If you look at the RSI, it’s close to the middle, which means there’s a balance between supply and demand. As long as the price stays above the 50-day SMA, the DOGE/USDT pair could go up to $0.17. If the bulls can get past this obstacle, the pair could pick up speed and move up to $0.22.
Because if the price goes down from where it is now and drops to under $1, the pair could fall to the important support level of $0.12, which is at $1.13.
The long tail on Polkadot’s (DOT) Feb. 14 candlestick shows that bulls are buying on dips near the strong support level at $16.81, which is where the long tail starts. February 15 was a good day for the bulls because they reached the 20-day EMA ($20.16), but they couldn’t get over this level.
This means that the bears haven’t given up yet, and they’re putting up a strong fight in the area between the 20-day EMA and the down trend line.

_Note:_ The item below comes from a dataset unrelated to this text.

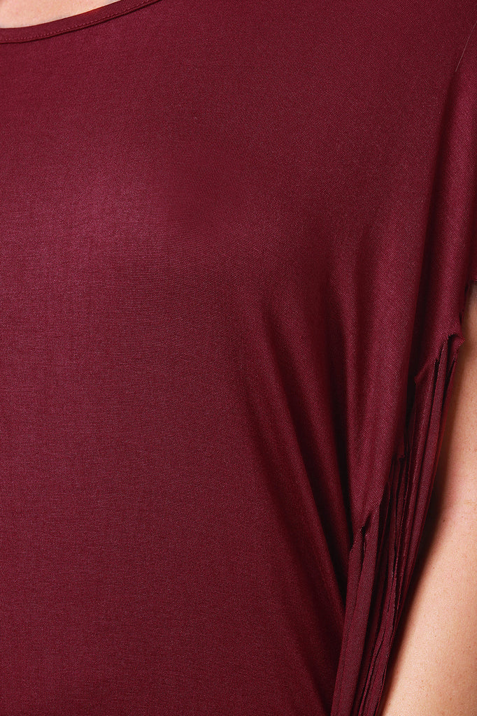 This poncho fringe design, and deep-v back with strap detail. Accessories sold separately. Made in U.S.A. 95% Rayon, 5% Spandex.

If the price keeps going down, the bears will try to push the DOT/USDT pair below $16.81 and start the downtrend again.
After $16.81, if the price comes back, the pair will try again to break through and reach $23.19. A break and a close above this level of resistance could mean that the trend could change.
The author’s views and opinions don’t always match those of Cointelegraph, and they don’t always agree with them. Every time you invest or trade, you take a chance. When you make a decision, you should do your own research first.
Disclaimer: These are the writer’s opinions and should not be considered investment advice. Readers should do their own research.